Closed aszlig closed 5 years ago

aszlig commented 5 years ago

Since the rule file was implemented first, the option names are still unchanged to date, but when introducing the -r command line option, I decided to go for short names instead.

This however is a bit confusing if you're used to -r and suddenly have to use different option names for the rule files.

Some options however are a bit difficult to unify, because they have different semantics:

I'm not quite sure what would be the best way to handle this yet, because if we'd use nested attributes, the port option would still be different because it's not simply a boolean with an optional string/integer value.
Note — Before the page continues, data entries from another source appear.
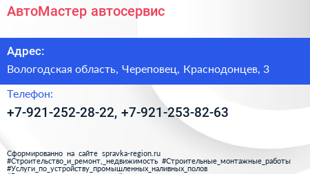 АвтоМастер, автосервис по адресу Вологодская область, Череповец, Краснодонцев, 3 в дальнейшем Организация, размещена в следующих категориях: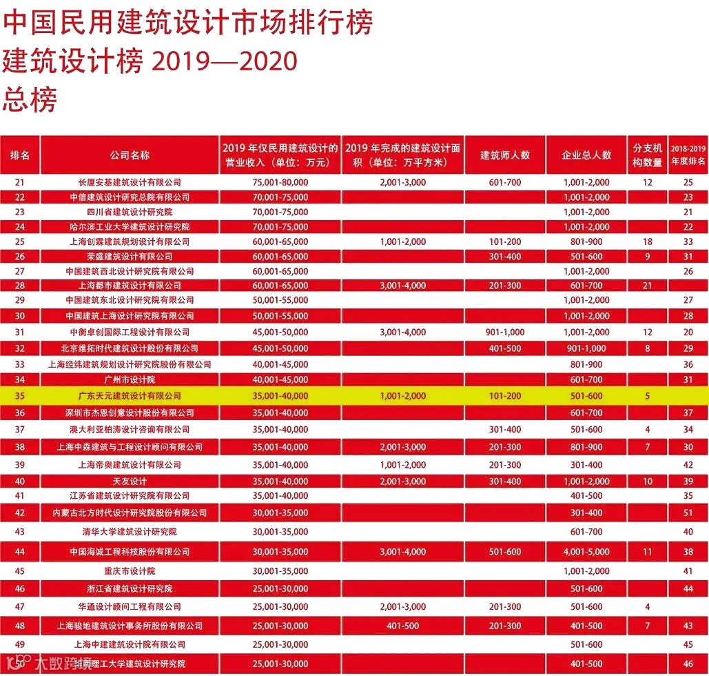 中国民用建筑设计市场排行榜第35名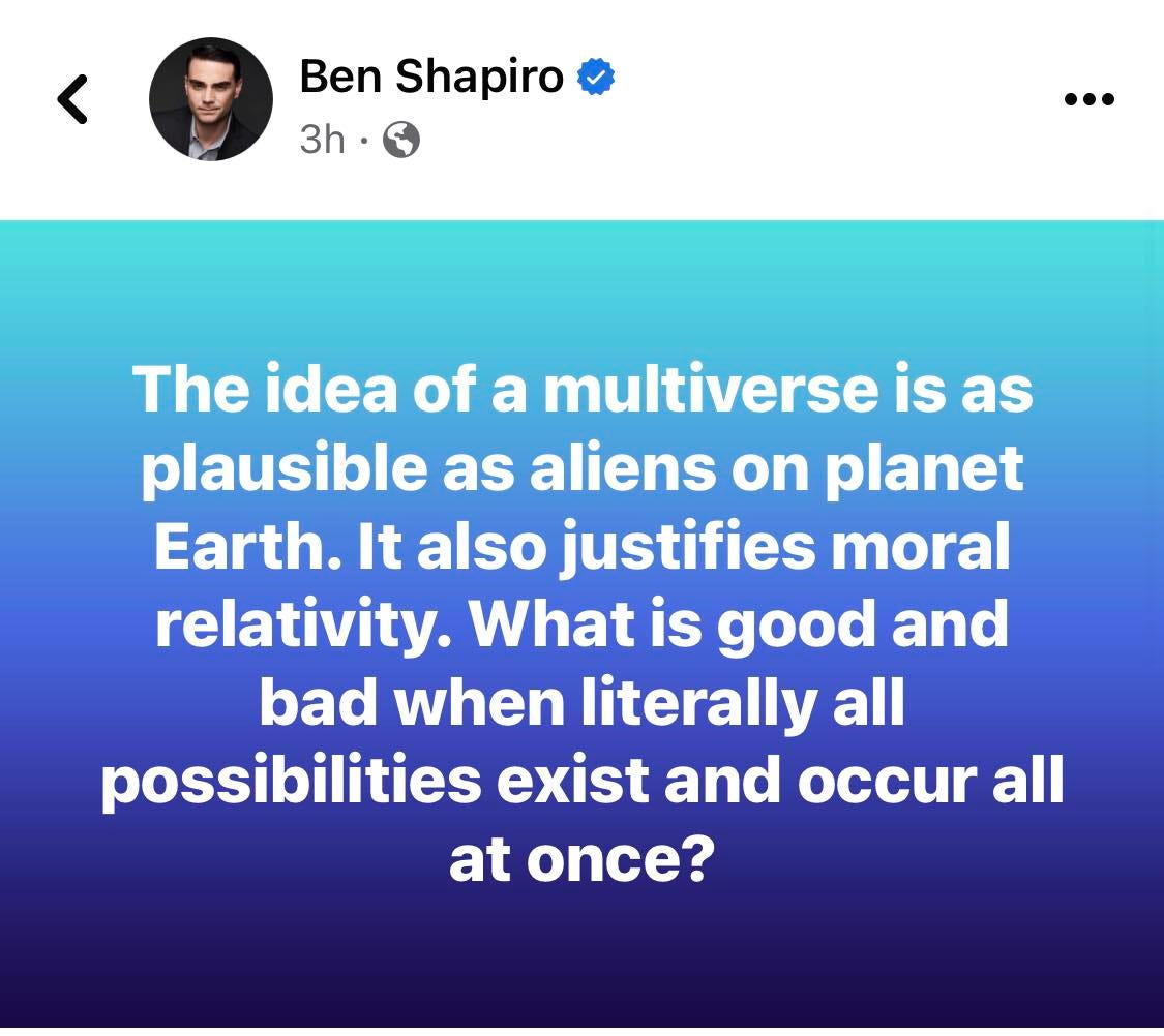Often as I appreciate what Shapiro has to say on many political and cultural issues, his comment about the multiverse and moral relativism was poorly thought out.
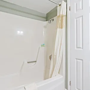 Guests can use a tub and a shower together with towels.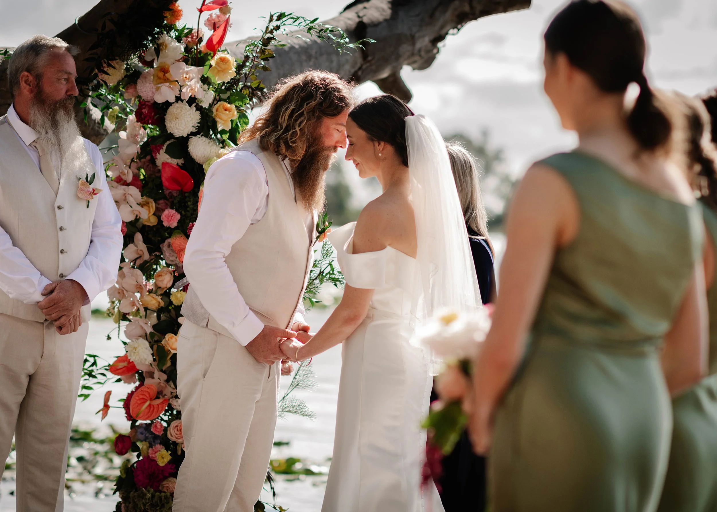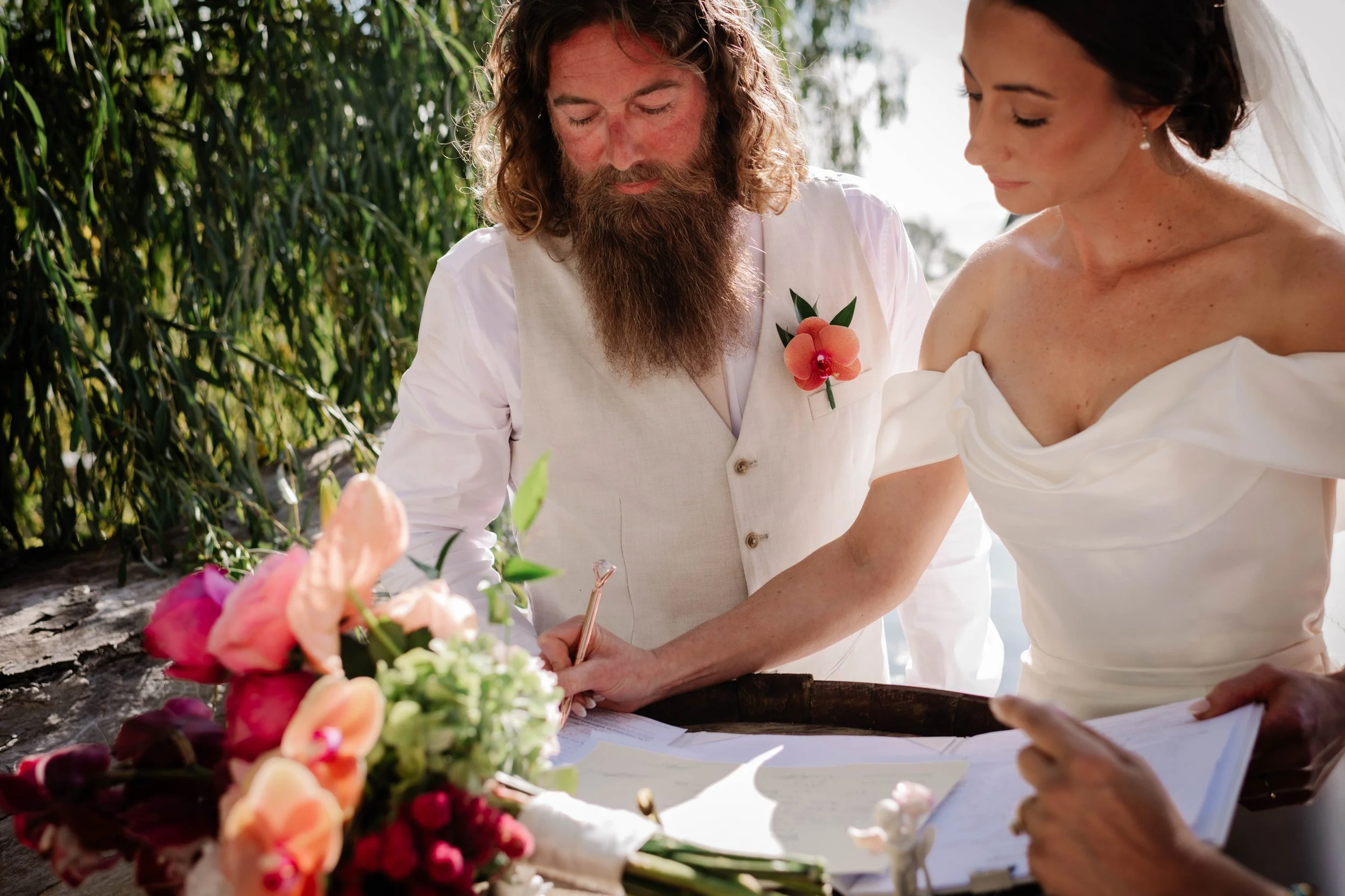Their ceremony took place on the dock by the river, with the sunshine sparkling on the water and the most beautiful natural light setting the scene. It was simple, meaningful and full of emotion, the perfect reflection of who they are.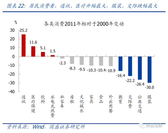 微观看,居民呈现“低欲望”特征。消费更注重简单实用,奢侈品消费低迷,“不婚主义”、“宅文化”盛行,外出就餐、交际、服装消费跌幅最大。仅有受益于老龄化的医药消费、受益于科技进步的通讯设备消费增长较多。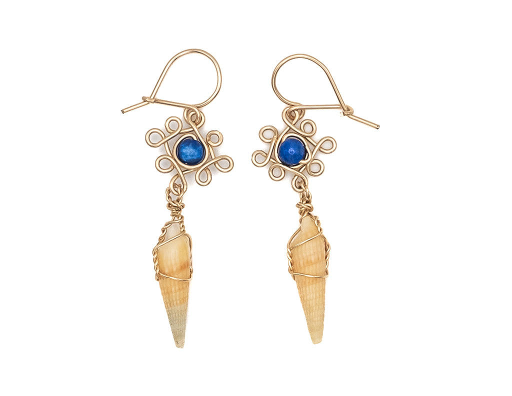HAWAIIAN SEASHELL WITH LAPIS LAZULI STONE IN 14 KT GOLDFIELD
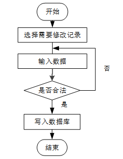 用户首先选择需要修改的记录,输入修改后的数据,系统判断输入数据是否合法。若数据不合法,提示重新输入,若数据合法,则将修改后的数据写入数据库,完成操作后流程结束。修改信息流程图如下图所示。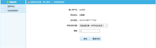 在此頁(yè)面可以完成對(duì)考生個(gè)人信息的修改。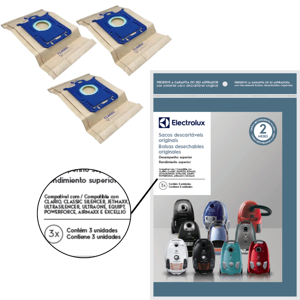 Comprar na ShopeeKit C/3 Sacos Aspirador Electrolux A20 / A20L / A20S / GT300 / GT30N / GT3000 PRO ORIGINAL MODELO NOVO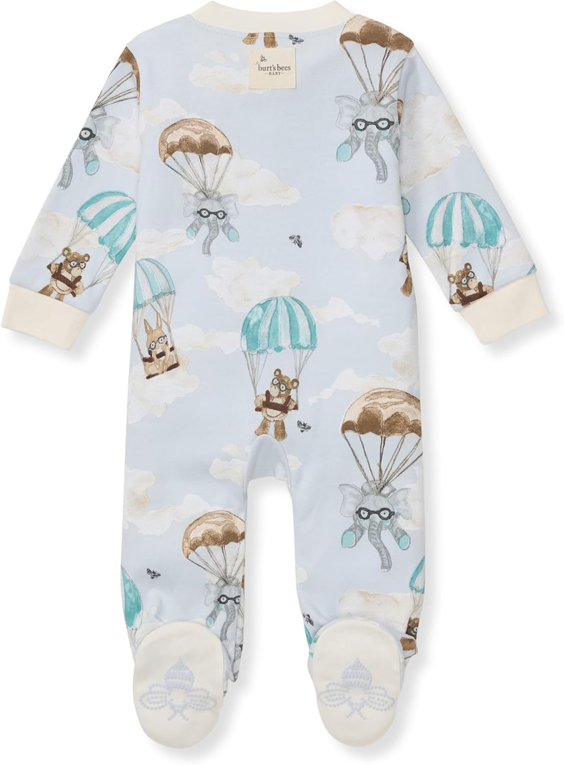Burt’s Bees Baby Boys’ Sleep and Play Pjs, 100% Organic Cotton One-piece Zip Front Romper Jumpsuit Pajamas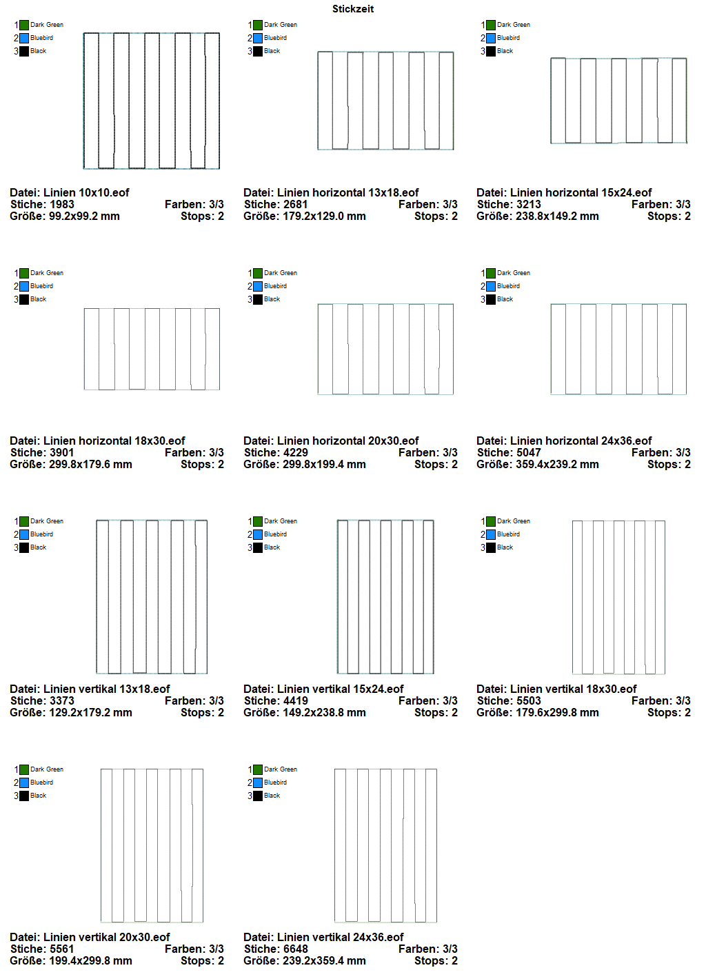 Folgende Stickformate werden in der ZIP-Datei angeboten: PEC - PES - XXX - JEF - JEF+ - SEW - EXP - VIP - VP3 - DST - HUS.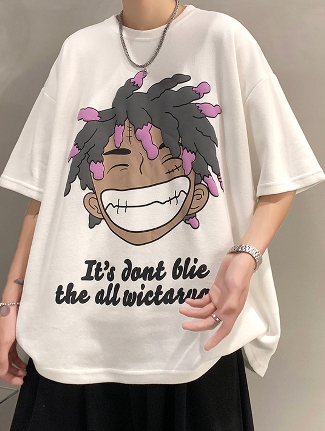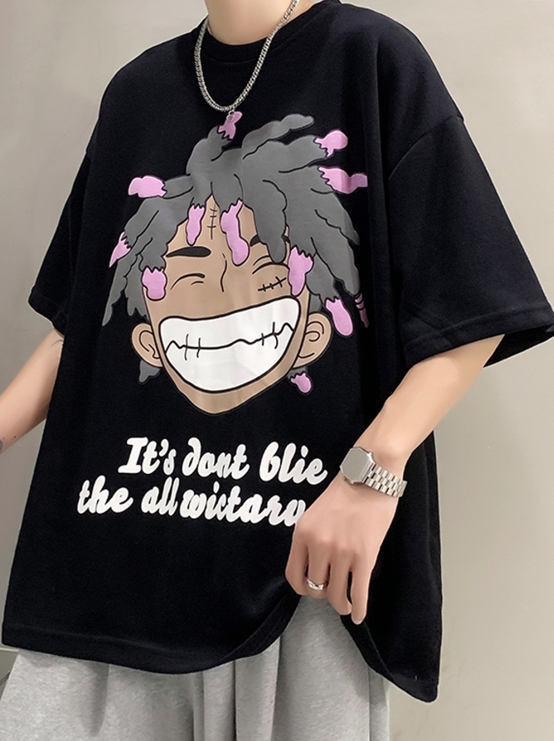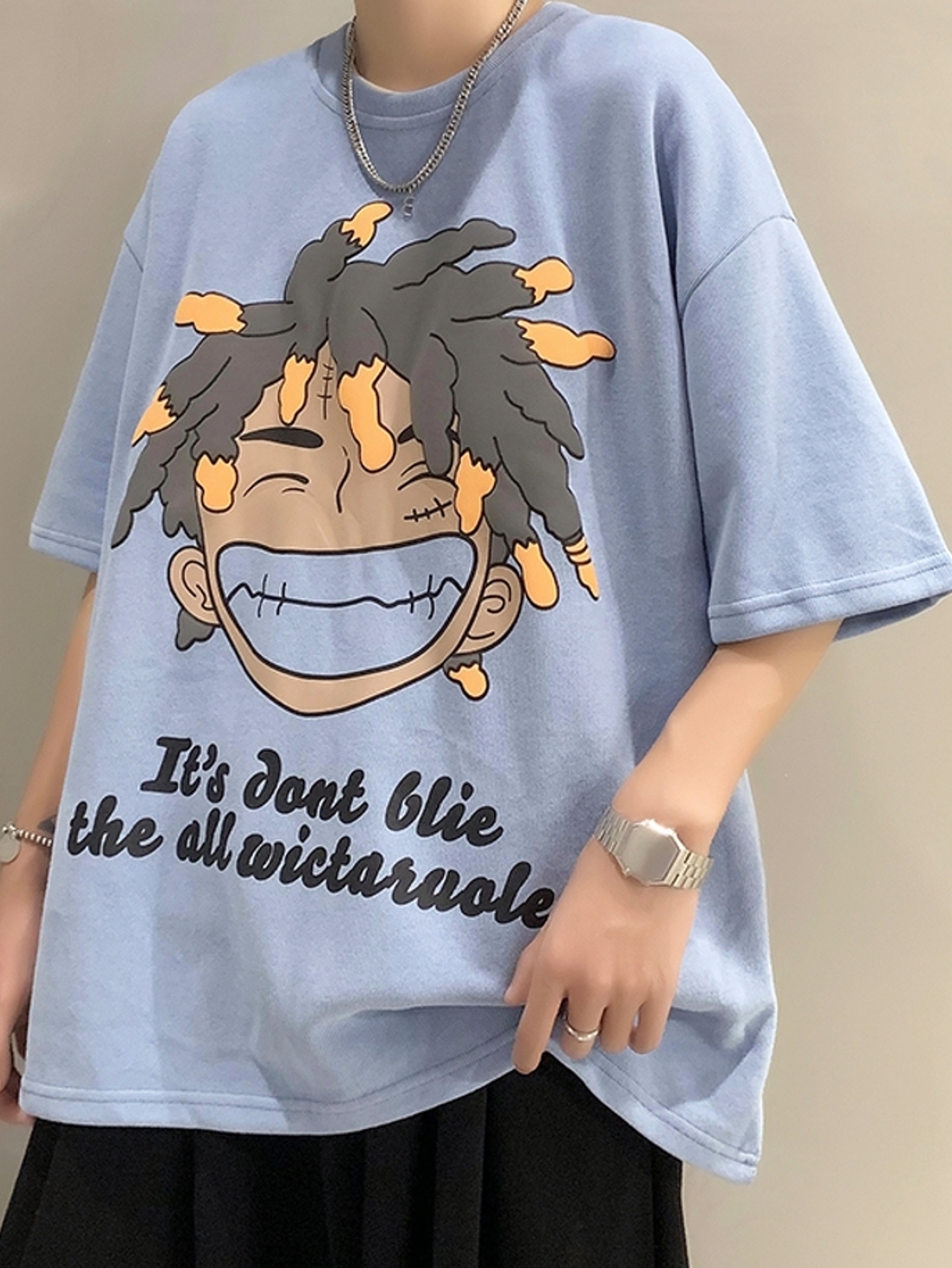 衣服的领型是圆领,衣服的版型是 宽松型,真的特别喜欢,黑色的短袖超级显瘦,面料很舒服,搭配简单的牛仔裤都很好看,衣服上有很大的卡通图案,很潮流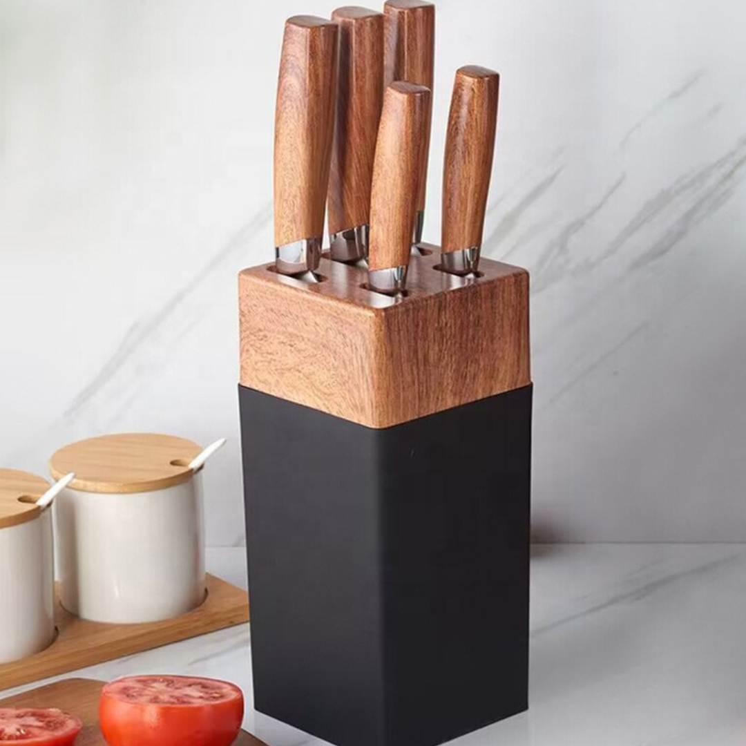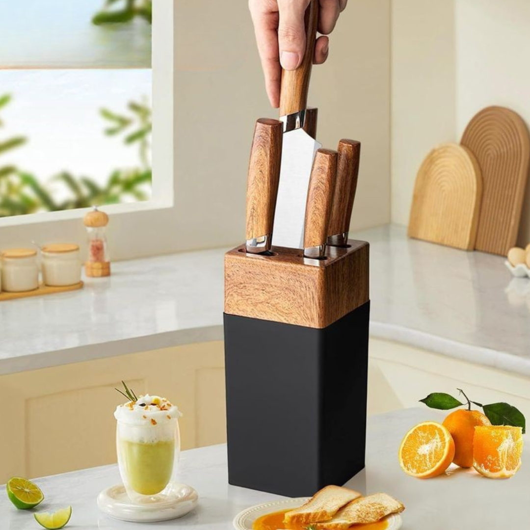 Base Organizadora Incluida: Mantén tus cuchillos ordenados, protegidos y siempre a la mano con un soporte compacto y estilizado.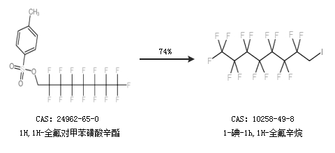 1.通过1H,1H-全氟对甲苯磺酸辛酯合成1-碘-1h,1H-全氟辛烷,收率约74%;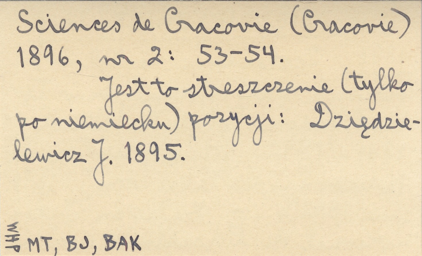 Bulletin International de l'Académie des Sciences de Cracovie (Cracovie) , 1896, nr 2: 53-54. Jest to streszczenie (tylko po niemiecku) pozycji: DZIĘDZIELEWICZ J. 1895.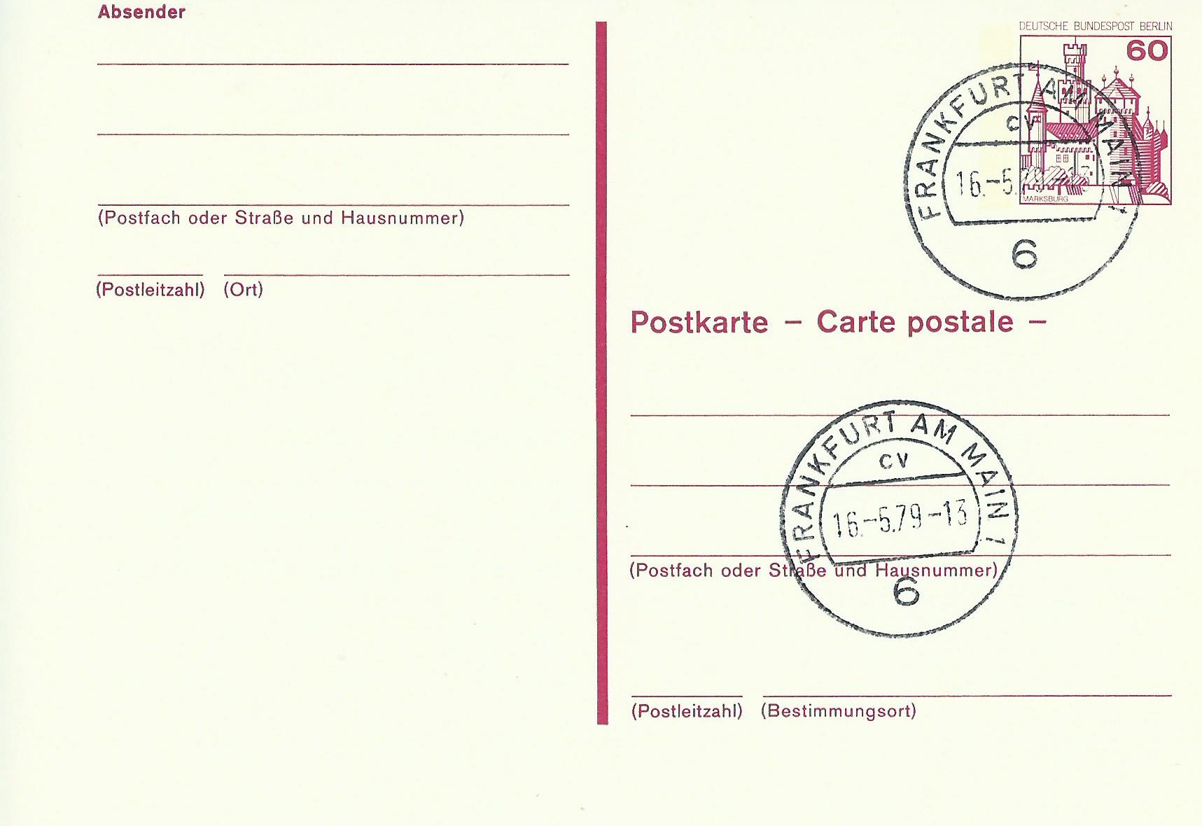 Hier eine Postkarte zu 60 Pf mit farblich abweichendem Wertstempel der Marksburg (MiNr P 110) mit Stempel Frankfurt am Main vom 16.5.79: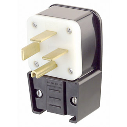 Leviton® Black & White® Straight Blade Plug, 3 Phase Angled Cable Mount Grounding, 250 VAC, 60 A, 10 hp, 3 Poles, 4 Wires, NEMA 15-60P, Industrial Grade, 5/8 to 1-3/8 in Cord Dia, -40 to 60 deg C, Nylon, Black, 4.37 in H x 2.76 in W x 1.89 in D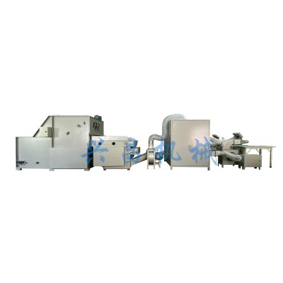我厂开发新一代自动上料机,开松机,棉料经开松,风机喷灌,枕套气动装夹一步到位,使产品更加均匀,饱满。

When translating the port CLI option into a nested object, it would look like this for two different rules:

- path: foo
  port:
    start: 30
    end: 80
- path: bar
  port:
    exact: 443

This clearly makes the port option much more confusing than simply having a port option along with an optional portEnd option.

Another way to approach this is to allow different types for those options, for example the systemd option would then either accept a boolean or a string. I'd consider this the ugliest option and it also won't work so well with the port option, except if we'd parse it in the same way as in the CLI specification and accept either an integer or a string.

Yet another way would be to keep the port/portEnd and reject/rejectErrno as is but just change the fdName option to something like systemdFdName.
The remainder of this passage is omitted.